Nibbles: Book, Watermelon, Pests & Diseases, Lime juice disinfectant, Seed laws, Bibliography
- I’ve already pre-ordered Darwinian Agriculture, and now I can get a head start by downloading Chapter 1 for free.
- Oxfam gives Vietnamese new watermelon seeds to combat climate change. But what kind of seeds?
- Relive yesterday’s webinar on Managing pests and disease under climate change: What do we need to learn?
- Speaking of which, a reminder of CABI’s New Pest & Disease Records.
- New use for lime juice: disinfecting drinking water.
- Fermentation Nation feat. my favorite microorganisms.
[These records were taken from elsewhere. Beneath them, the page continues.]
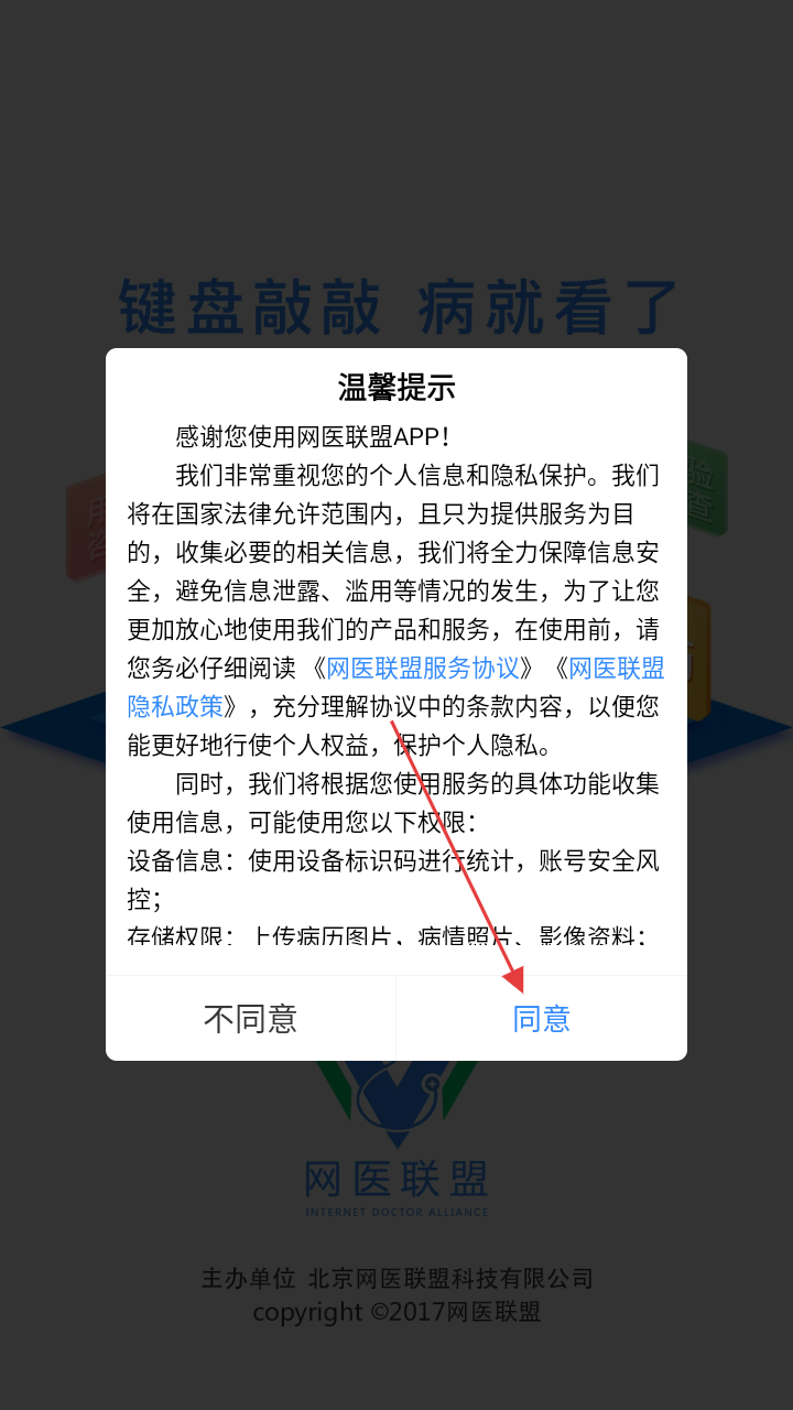 1、使用【網醫(yī)聯(lián)盟APP】前,需閱讀并同意【服務協(xié)議】與【隱私政策】,點擊【同意】方可進入登錄界面。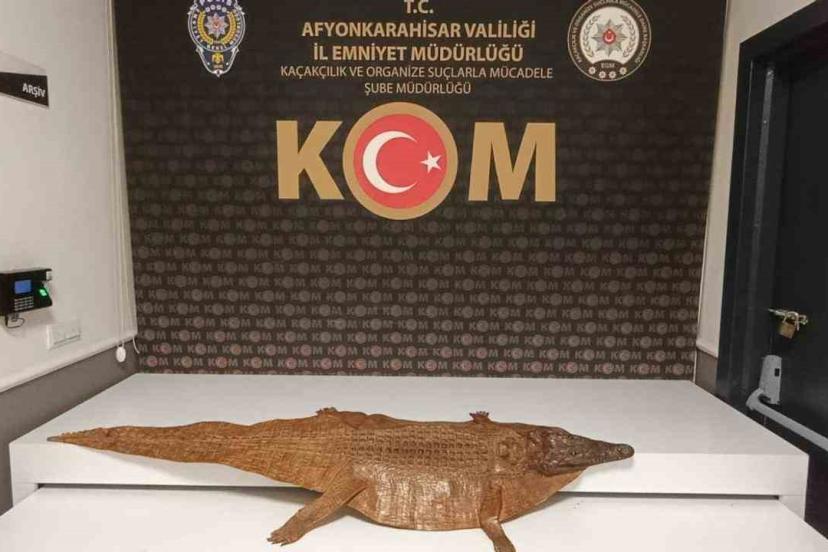 Afyonkarahisar’da polis tarafından şüphe üzerine durdurulan bir araçta timsah derisi ele geçirildi.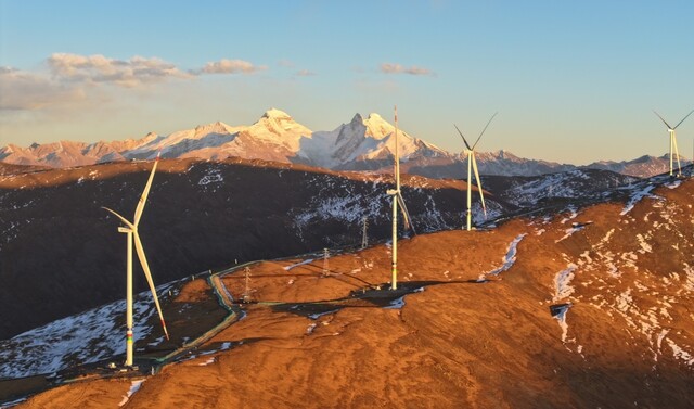 全球在运海拔最高风电项目——华电琼结风电项目。东方风电供图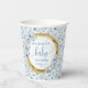 Classic pastel blue watercolor flowers gold party paper cups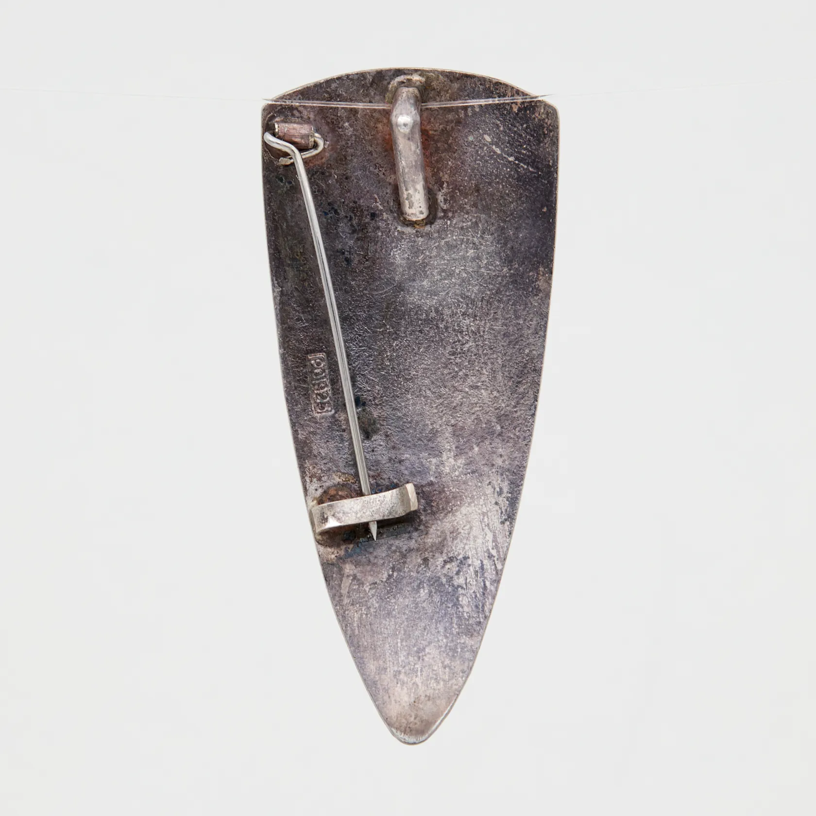 Rintakoru riipuslenkillä ja emaloinnilla, design Pekka Piekäinen, pituus 51mm, leveys 22mm, nimileima Platinoro Oy, 925br, Paino: 9,8 g.
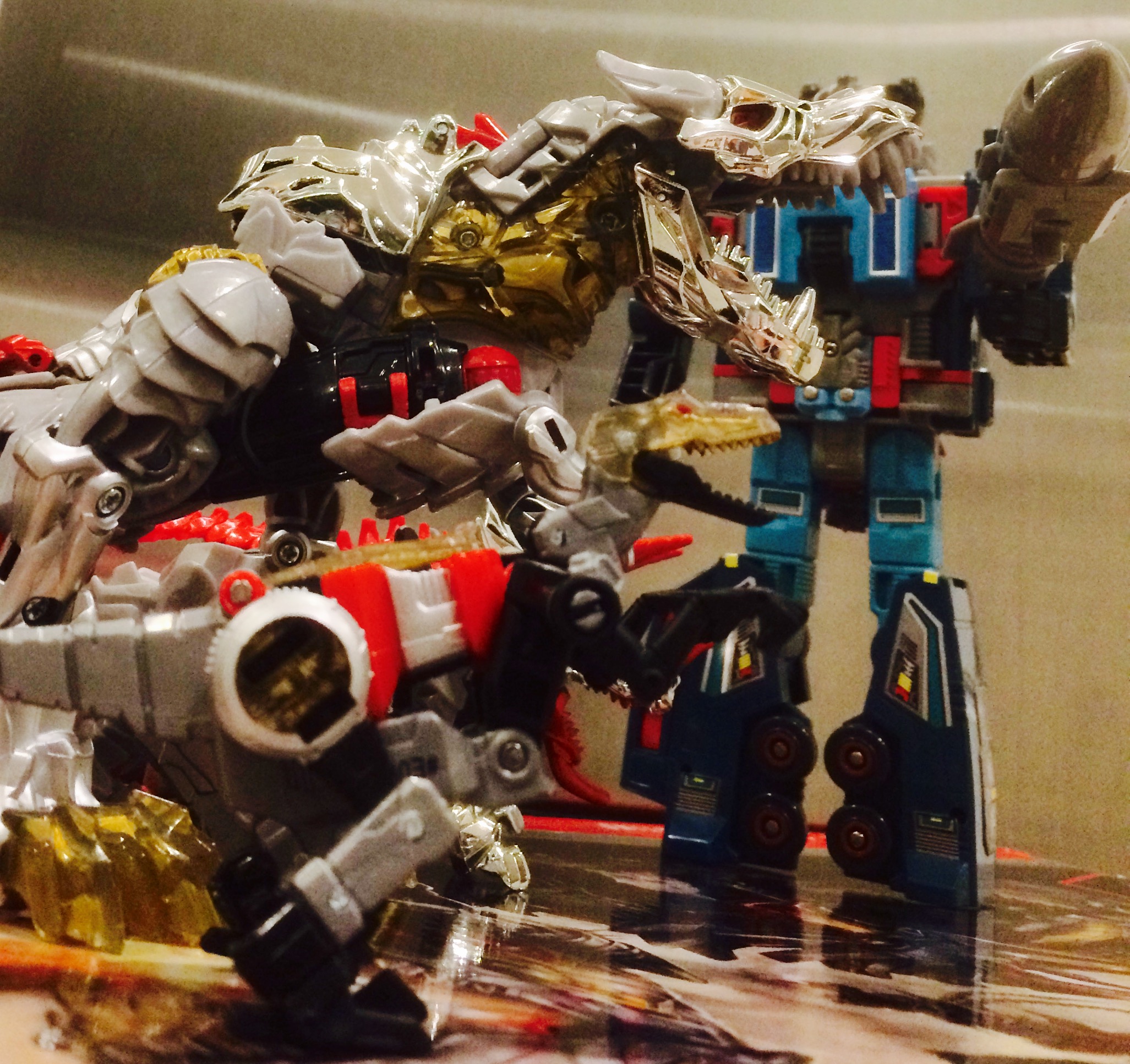 I've had two Grimlocks -- the G1 original (who's dinohead is hanging by cracked plastic) and the recent Platinum Dinobots (Bayformer bodies + G1styled heads/colors + vacuum metalized).The original's alt mode T-Rex was perfect. But dem legs in bot mode? Maybe if he truly is part chicken.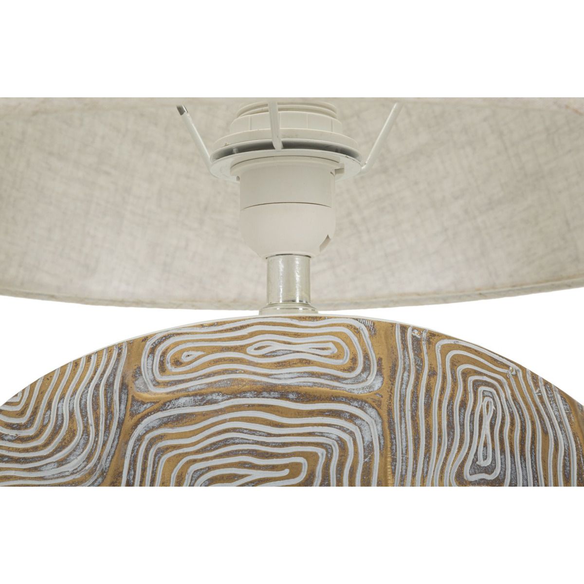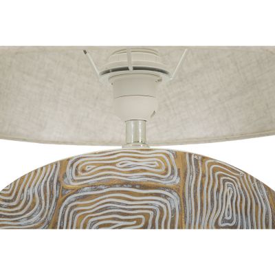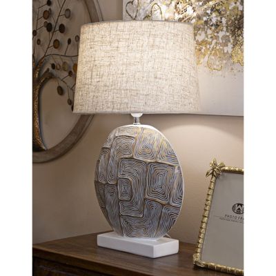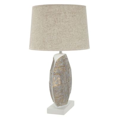 | Descrizione | Lampada da tavolo in resina con eleganti decorazioni geometriche in rilievo. Completa di paralume in tessuto beige. |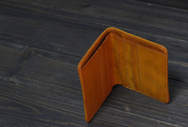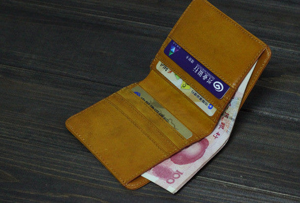 Design:?Vintage Leather Men billfold ?Brifold Wallet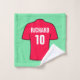 Crie um Flannel de Rosto de Lava com sua escolha de uma camisa de futebol com um nome e número adicionados - uma ideia única e ponderada de presente para qualquer apoiante de futebol! Este pano de lavagem, também conhecido como flanela, apresenta uma imagem principal vibrante mostrando uma camisa de futebol, pronta para personalização. Você tem a habilidade de adicionar seu nome e número desejados, fazer-o como um item único para você mesmo ou seu amado fanático por futebol. Camisa Vermelha de futebol.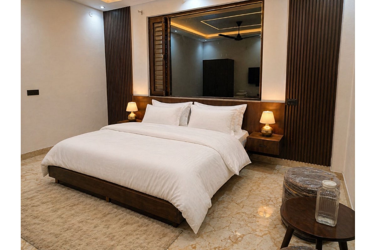 Experimente o luxo e o conforto no seu melhor em nosso Quarto Deluxe no Prashant Retreats. Entre em um oásis espaçoso que oferece um ambiente sereno e comodidades modernas, perfeitas para viajantes de negócios e lazer. O quarto possui uma decoração elegante, criando uma atmosfera calmante para uma estadia tranquila. Delicie-se com uma noite de sono tranquila na luxuosa cama king size e acorde com vistas deslumbrantes das paisagens ao redor.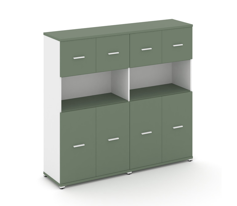 Concept Шкаф 2 широкие секции, 4 ниши CN.STS-425 W Кобо/Белый Бриллиант/Металл Белый 1668*420*1554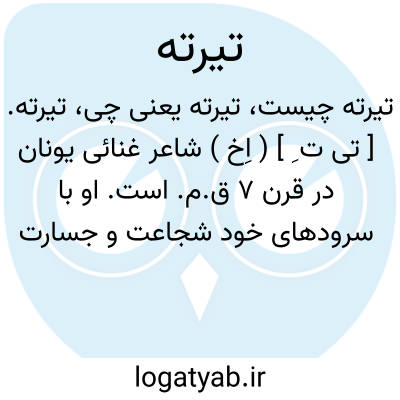 تیرته. [ تی ت ِ ] ( اِخ ) شاعر غنائی یونان در قرن 7 ق.م. است. او با سرودهای خود شجاعت و جسارت اسپارتی ها را در جنگ دوم مسنیه تجدید کرد. ( از لاروس ). رجوع به تیرتئوس شود.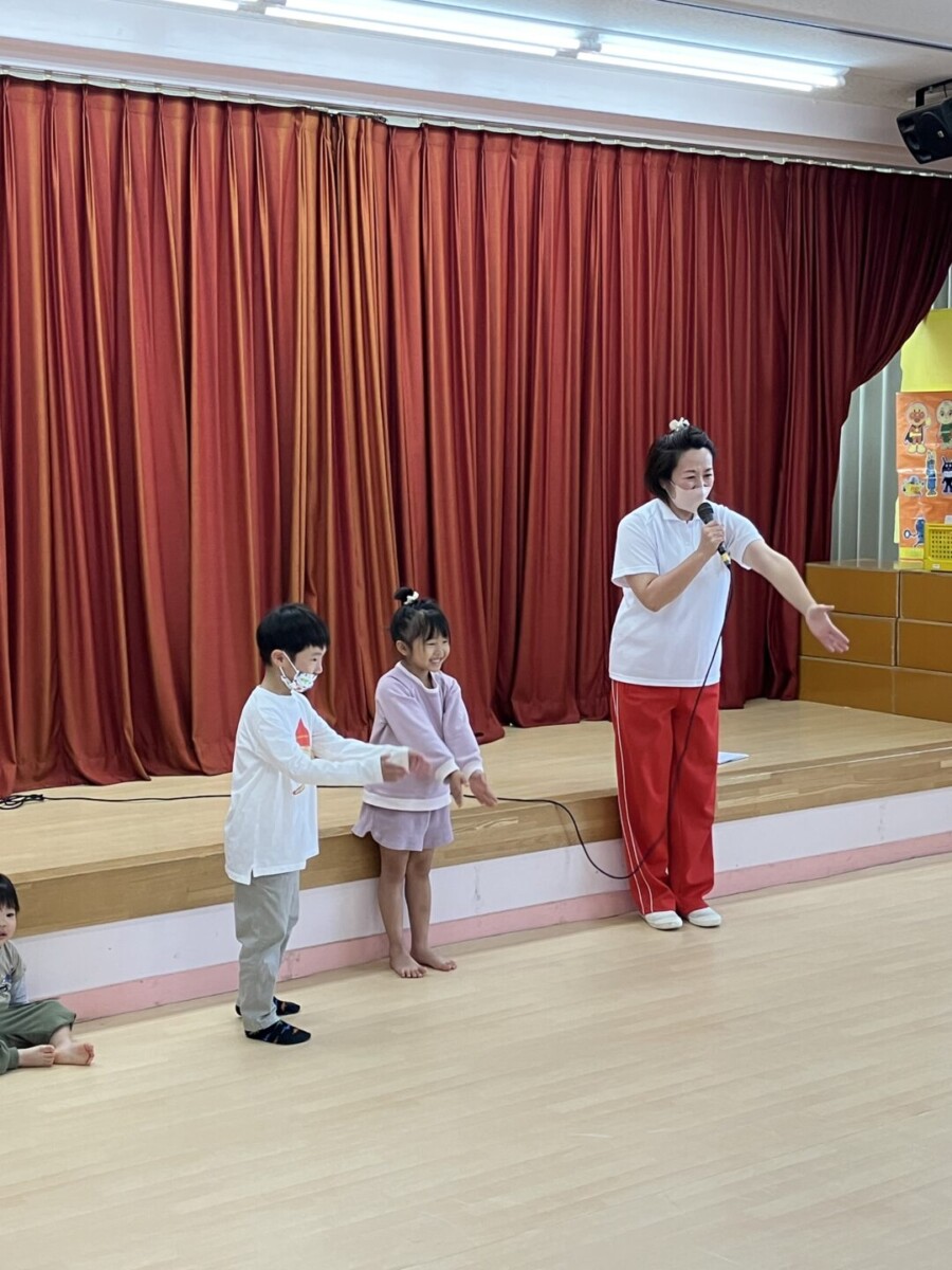 お兄さん・お姉さんの歌や踊りを見たり、まねをしたりして楽しみました!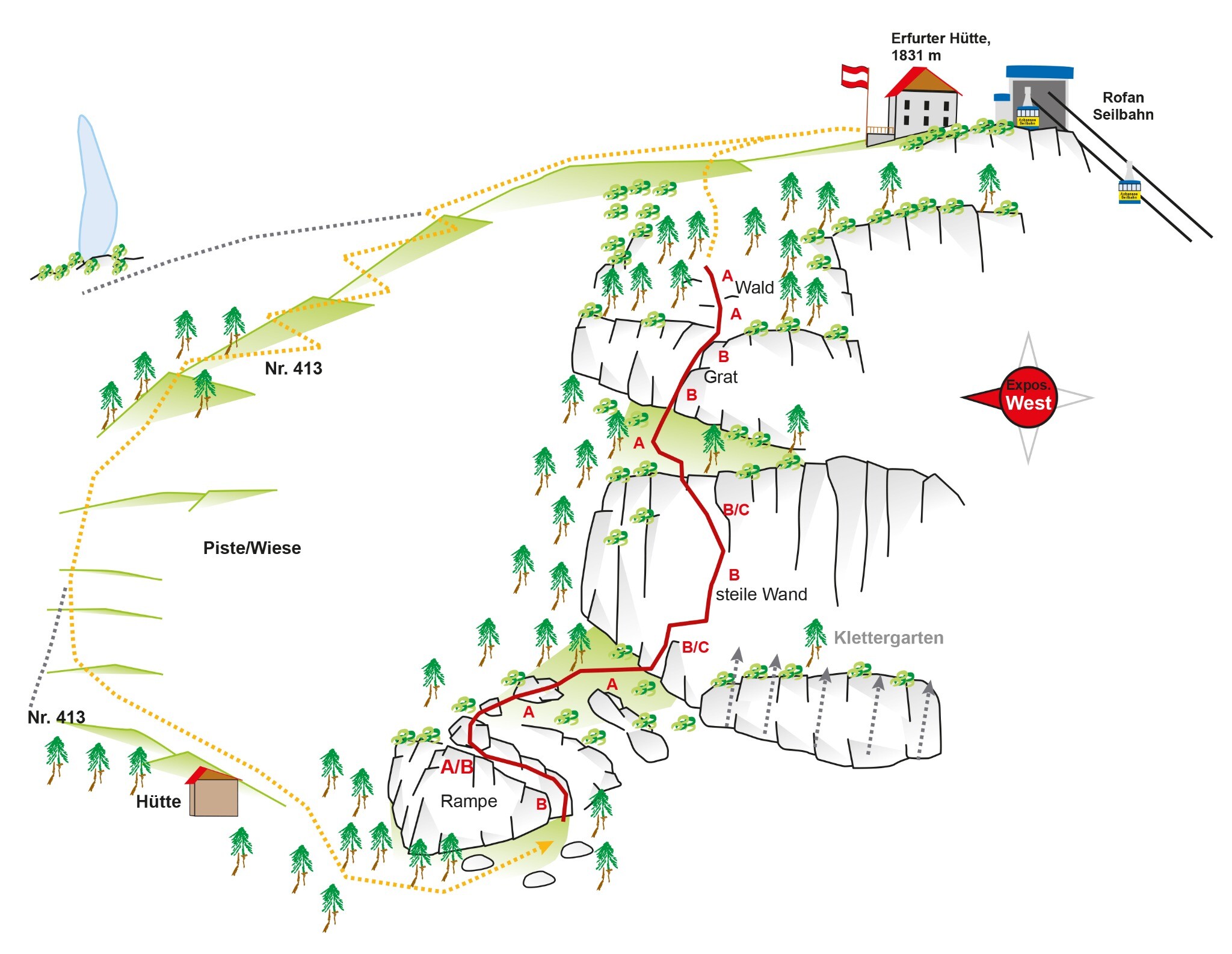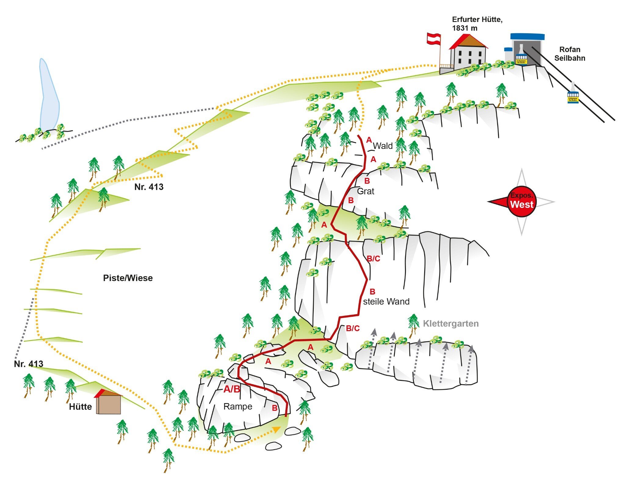 Von der Bergstation links auf Weg Nr. 413 (Enzianweg) in Richtung Durrakreuz bzw. Dalfaz Alm. Nach wenigen Minuten erfolgt ein steiler Abstieg in Zickzacklinien am Rand der Skipiste über Weidegelände. Wo das Gelände flacher wird, nach links über die Wiese (kleine Hütte) zum Waldrand queren. Dort kurzer Anstieg zur Einstiegsstelle an einer kleinen Felswand.

- Mexico toys with new plant variety protection law, NGOs worried.
- Finally, overworked person updates agrobiodiversity group on Mendeley.
Nibbles: Encomium to Bioversity, PGR economics, Europe newsletter, Mapping urban veggies, Piper, Fruit breeding
- On farm conservation; Bioversity is really good at it. (And I sometimes make a linking mistake; mea maxima culpa.)
- Economics of plant genetic resource management for adaptation to climate change. What’s the bottom line? No idea.
- Something else Bioversity is really good at: newsletters.
- Using GIS to help communities map vegetable production and marketing in Bangkok. I like the acronym: V-GIS.
- The variety of non-chile peppers.
- Older fruits better. Quentin Crisp unavailable for comment.